CHERNOBYL. The deadly Chernobyl accident; 30 on-site workers with concentrated doses above 2 Sv died. Cleaning workers exposed to 0.3 Sv or more had a slightly higher rate of cancer. Radioactive iodine released into the food chain causes 1,400 thyroid cancer kills 15 children; No other increases in public cancer rates were observed. Perhaps 200,000 people were evacuated. Radiation rate in Chernobyl to exclude, to expel the area is now less than 10 microSv/hour, no harm to 1,000 stubborn babushka and others still living there.

FUKUSHIMA. In the area affected by the Fukushima power plant, radiation peaked at 10,000 microSv/hour, 90% reduction after 10 hours. Outside the IAEA plant report The measured peak radiation was 170 microSv/hr 30 km northwest of the site. By the next month, the radiation dropped below 91 microSv/hr anywhere, temporarily safe according to Chart 1 except for points where radiation can still exceed 25 microSv/hr. No need to evacuate 164,000 won people, leading to the death of more than 1,600 people, and there’s certainly no need to do it in a hurry.

THREE WIRE ISLAND. Around the Three Mile Island reactor accident accumulation the average dose is only 15 microSv (maybe less than 25 microSv/hour everywhere), so there is no need to evacuate anyone. However, the accident was a factor in ending nuclear power plant construction in the US

NATURAL RADIATION. The back of Graph 1 shows that the average annual dose rates from natural sources of radiation exposure range from about 0.2 microSv/hr, but in some locations up to 15 microSv/hr.

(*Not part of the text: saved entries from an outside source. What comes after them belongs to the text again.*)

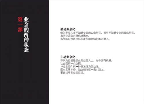 在“业余”部分的讲座中,主讲人提出了业余的两种状态:被动业余化和主动业余化。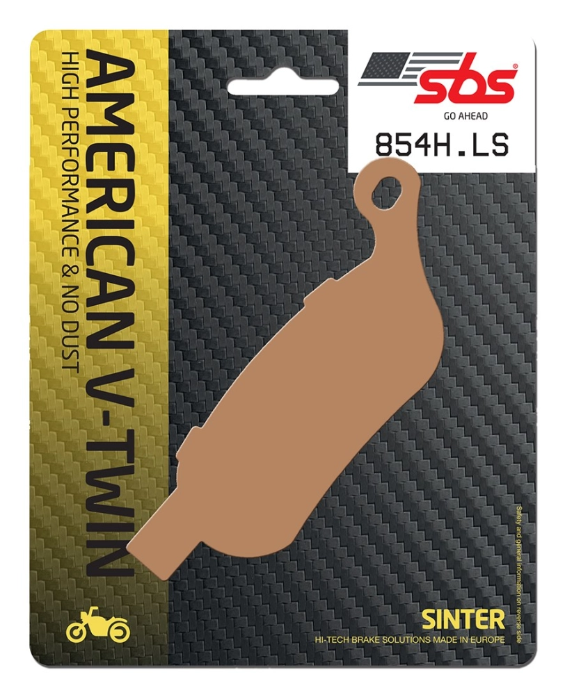 Pastillas de freno SBS 854H-LS de la gama Street Sinter - Metal Sinterizado Trasero. Las pastillas no dañan el disco, su rendimiento se mantiene estable tanto en seco como en mojado y no requieren rodaje térmico. Combinadas con el forro HS del freno delantero, proporcionan la potencia de frenado que necesitas y esperas.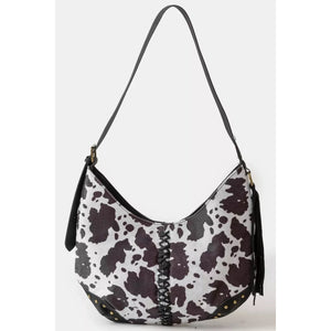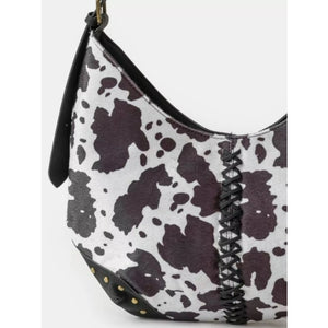 Fame Cow Print Hobo Shoulder Bag with Studded Details

It’s the dosage ratio, not the dose, that matters. Harmful results when the dosage ratio exceeds the repair rate. Regulatory agencies and the multi-billion dollar radiation protection industry exaggerate the harmful effects of radiation to large extents:

100X: The regulatory limit 0.001 Sv/year compared with the observed 0.1 Sv cancer-intensive threshold.

52X: assumes a prescribed year-long biological repair compared to a typical cure time.

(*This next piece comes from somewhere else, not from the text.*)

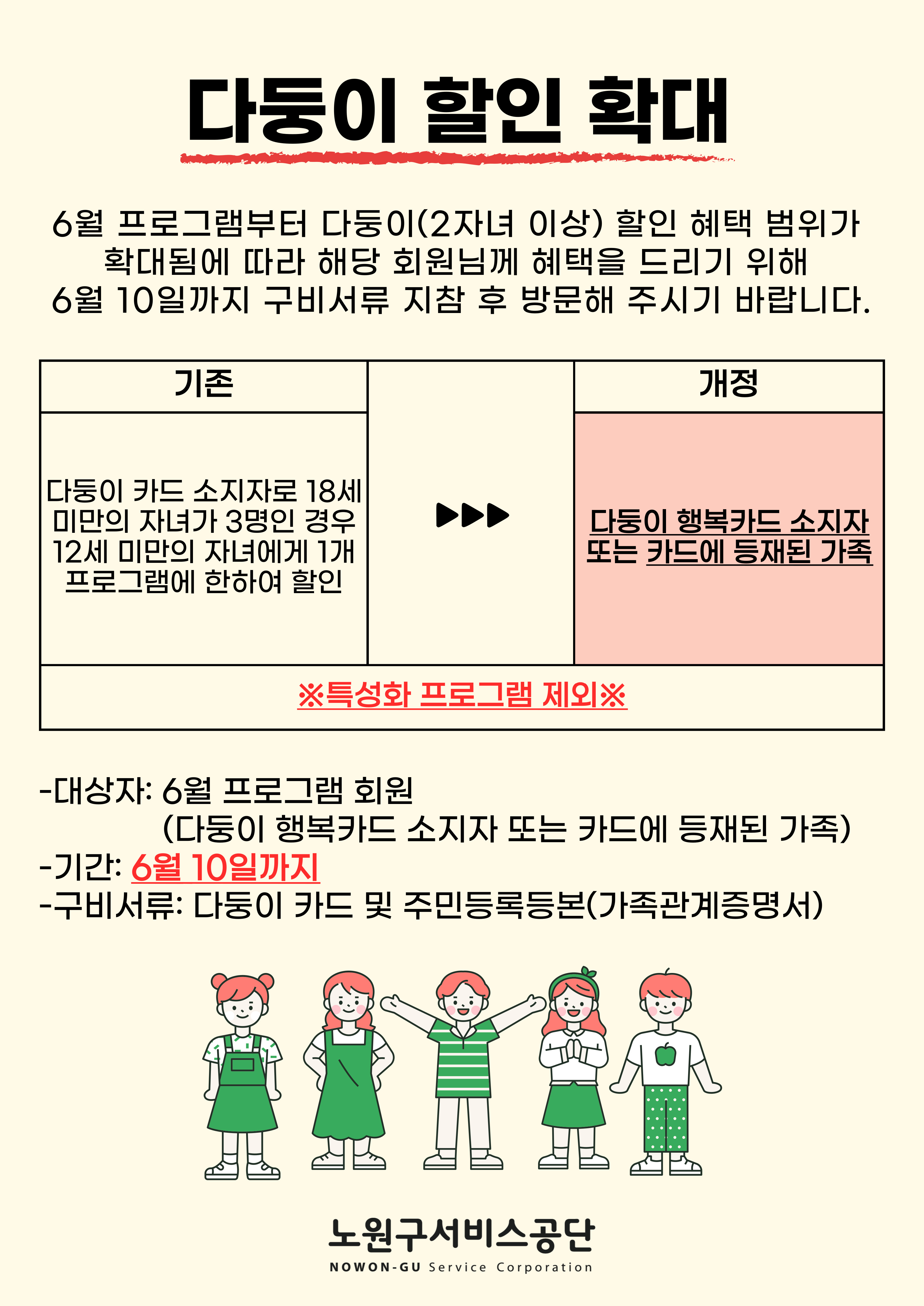 [월계/중계구민체육센터] 다둥이 할인 확대 내용 안내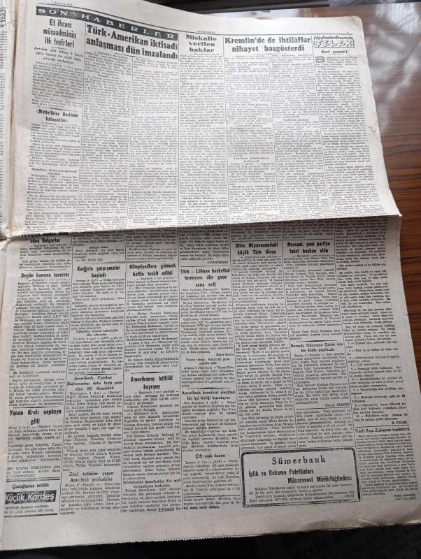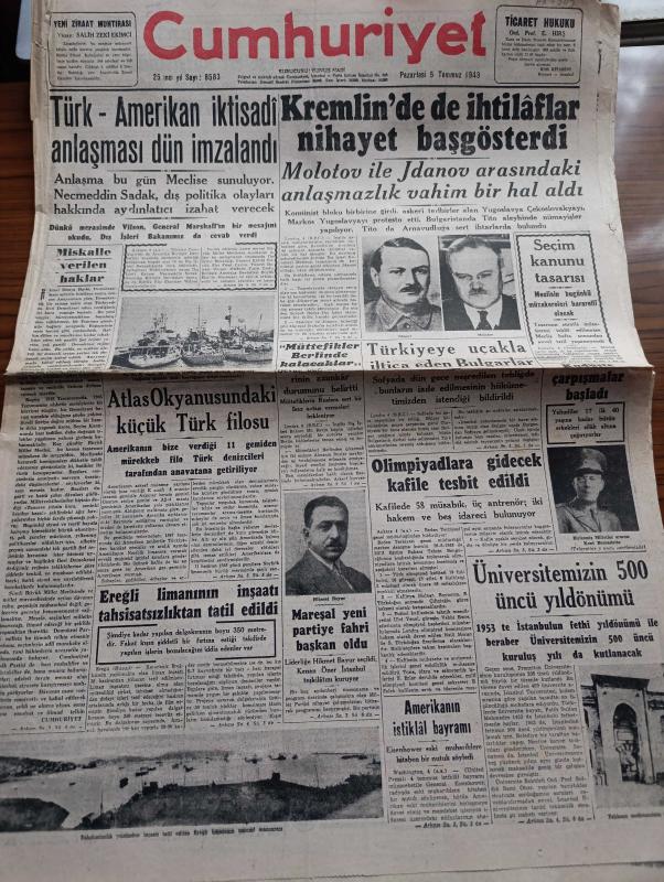Cumhuriyet Gazetesi - 5 Temmuz 1948 - Miskalle Verilen Haklar Köşe Yazısı - Türk Amerikan İktisadi Anlaşması Dün İmzalandı - Kremlinde de İhtilaflar Nihayet Başgösterdi - Hikmet Bayur Millet Partisi Lideri Seçildi - Seçim Kanunu Tasarısı - İstanbul Üniversitesinin 500. Yıldönümü - Olimpiyatlara Gidecek Kafile Tespit Edildi - Türk Güreşine İlaveler Yazan İsmail Habib Sevük - Bakırköy Panaroma Bahçesinde İsmail Dümbüllü Tiyatrosu Ve Müzeyyen Senar Işıl - Ramazanda Pide İmaline Müsaade Edildi - Nasıl Yazmalı Yazan Burhan Felek Köşe Yazısı - Amerika'da Komünist Aleyhtarı Bir İşçi Birliği Kuruluyor - Çapamarka - Derman Ağrı Kesici - Otokar - Bugünkü Radyo Programı - Armstrong Lastikleri - Philips Floresan

ALARA: unknown preference.

Regulatory agencies should ditch the cumulative, year-long dose cap and instead set dose rate limits consistent with the biological fixation period. The ALARA rule should be dropped. What should be the limit?

IAEA chart 1 shows the dose rate limit of 25 microSv/hour. Jack Devanney’s paper recommends 40 microSv/hour. In 1934, NCRP (National Commission for Radiation Protection) advise 40 microSv/hour (0.1 R/day in old units). Nearly 50 years later, NCRP founder Lauriston Taylor Written “Nobody suffered a identifiable radiation injury while working on the first numerical standards set forth by the NCRP and ICRP in 1934.”

Nuclear energy growth will end with the next radioactivity unless we replace the regulators with observers of reality and consequences. Nearly a century of concessions to changing the radiation limit in 1934 from 40 microSv/hour to 0.001 Sv/year did not reduce harm in the slightest, but also increased public fear of the restrictive limits. than there is no clear evidence base. The fear of nuclear power has killed more people than radiation.

Nuclear energy would be cheaper, more abundant, and less intimidating if regulators introduced fact-based limits instead of giving in to opponents.

Dr. Hargraves teaches energy policy at Dartmouth’s Osher Institute for Lifelong Learning and is the co-founder of a nuclear engineering company.